Appearing in print for the first time in 1558, the book that we now know as the Heptameron represents in microcosm the conflicts, tensions, and beliefs of early modern French society as viewed from one part of the court. The "tales of the queen of Navarre," as Brantôme called the work, present a forum where different elements of Renaissance and Reformation culture meet and, at times, collide. Often the encounters are ideological. The stories and discussions of the Heptameron depict confrontations based on, among other elements, gender. Contradictory suppositions about women emerge repeatedly from the stories and discussions as the devisants or fictional storytellers -- five men and five women -- delineate attitudes both feminist and misogynist. At the same time, similarly conflicting notions about men emerge to be debated. Whether echoing the late medieval querelle des femmes, the contemporary querelle des amyes, the evolving currents of Neoplatonism and Petrarchism, or the attitudes toward sexual roles put forth in Reformation polemics, deeply felt beliefs about gender inform and animate the Heptameron.

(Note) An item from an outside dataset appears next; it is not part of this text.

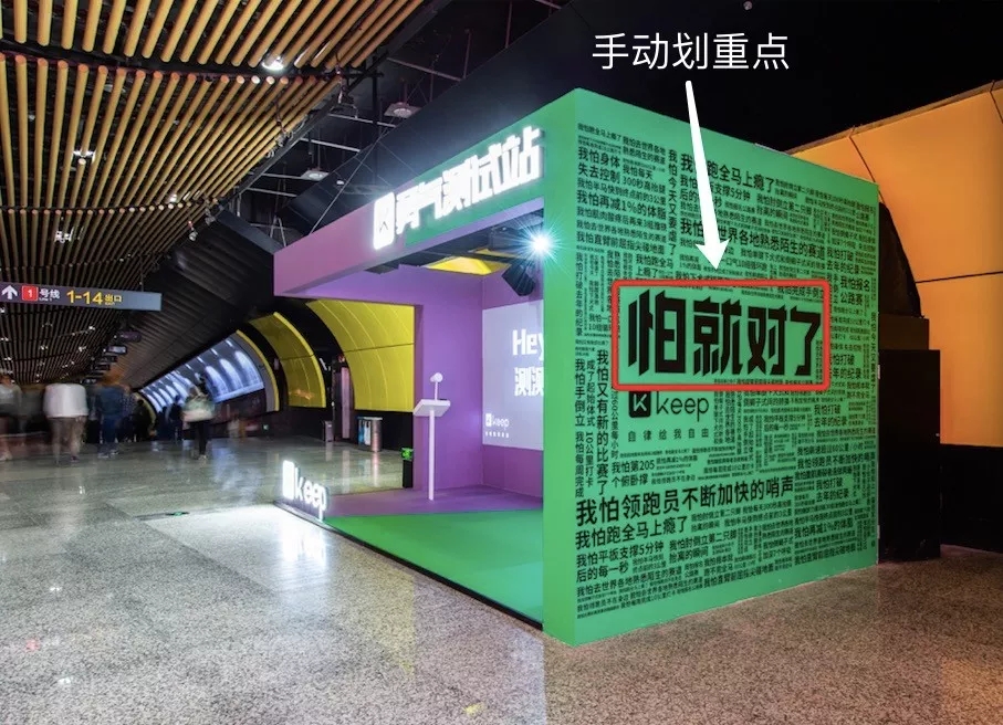 本次Keep的传播战役也不例外,围绕#怕就对了#概念,线上线下都做了一些延展了,线上有在微信端feed流,Keep社区的打卡活动,微信和微博上的话题讨论,同时线下,地铁站公交车站内展示长版本、短版本两套视觉海报及线下的打卡活动等。

Ideological confrontations in the Heptameronoften echo evangelical efforts at church reform. Here, conflicts among the storytellers are less oppositional, for even if some seem more fervent in their religious ardor than others and some more concerned with the corporal than with the spiritual, none of them advocates a theological position opposed to that of the evangelical reformers. The stories the devisants tell are often cautionary tales conveying their hostility and dismay about the state of the Catholic church: decadent priests and monks, most often lubricious and venal; unfortunate Christians whose belief in the efficacy of good works leads to disaster and death. Both the stories and the discussions often center on differing attitudes toward sin and virtue, alienation and reconciliation, eros and caritas, pleasure and honor -- alternatives that the storytellers and their characters present as conflictual states and values within which they must negotiate a tenable place in their fictional world. If some have found a haven of tranquillity in the steadfast convictions of their evangelical faith, others are still playing out restless scenarios of unsatisfied desire. The . . .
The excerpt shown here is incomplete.